If lower rates always produce more revenue, as the right likes to claim, the Laffer Curve becomes the Laffer Line, and Point A, the sweet spot, stands at a tax rate of zero.
While that makes no sense mathematically, politically it is an enormously appealing notion. It’s like telling someone with an obesity problem that the best way to lose weight is to always eat more ice cream — more times than not, their eagerness to believe overwhelms any skepticism.
OK. So cutting taxes won't increase government revenue. But that leaves two more false claims in the collective minds of the American public:
- The Super Rich will not invest if we tax them more, so say goodbye to job-creation
- The continued job problems are a direct result of "uncertainty" on the part of job-creators, and this is clearly the result of impending tax increases and federal overreach, especially regulatory overreach.
While I'd like to leave a more detailed discussion of the GOP narrative on taxes--and the precise nature of their rhetorical advantage--to a later post, it is important that Democrats address the "uncertainty" argument with urgency and clarity.

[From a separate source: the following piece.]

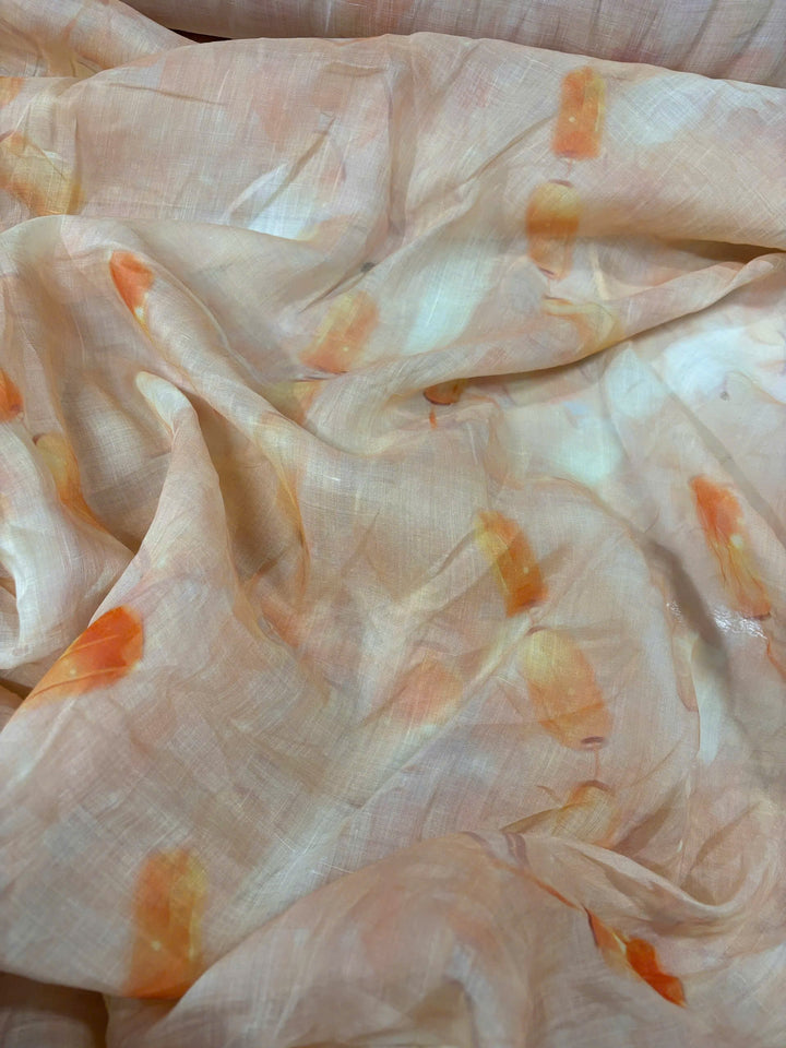 Vải Linen Tơ Bông - Lồng Đèn Cam: Sắc Hè Ấm Áp & Họa Tiết Loang Trừu Tượng

Current US tax rates will inevitably rise. Even though the GOP seem to be demanding it,
we simply cannot afford permanent extensions of the Bush tax cuts. This is, quite simply, an economic and political reality that cannot be avoided. That being true, extending the top rates temporarily
actually adds to the uncertainty supposedly experienced by the investor class. Some clarity now, even if it means slightly higher taxes,
will ultimately be good for the economy.
Legislatively, the
best strategy is for the Pelosi lame-duck House to move forward with a permanent Middle Class tax:
Specifically: Dems could still hold a vote only on whether to extend the middle class tax cuts permanently, without tying it to any vote on the high end cuts. That, at any rate, is what some on the left are pushing for, arguing that it's a good way for Dems to use their remaining control over the legislative agenda to their advantage.
When Republicans and the Super Rich claim that increases in the top tax rate exacerbate unemployment, they are attempting to extort the American people--and should be called-out as such. It's not the federal government that outsources jobs to China and India, it's the movers-and-shakers in Corporate America. These executives and the corporations that they oversee should be held to a new standard of American Economic Patriotism in the years and decades to come. The American Middle Class depends on it.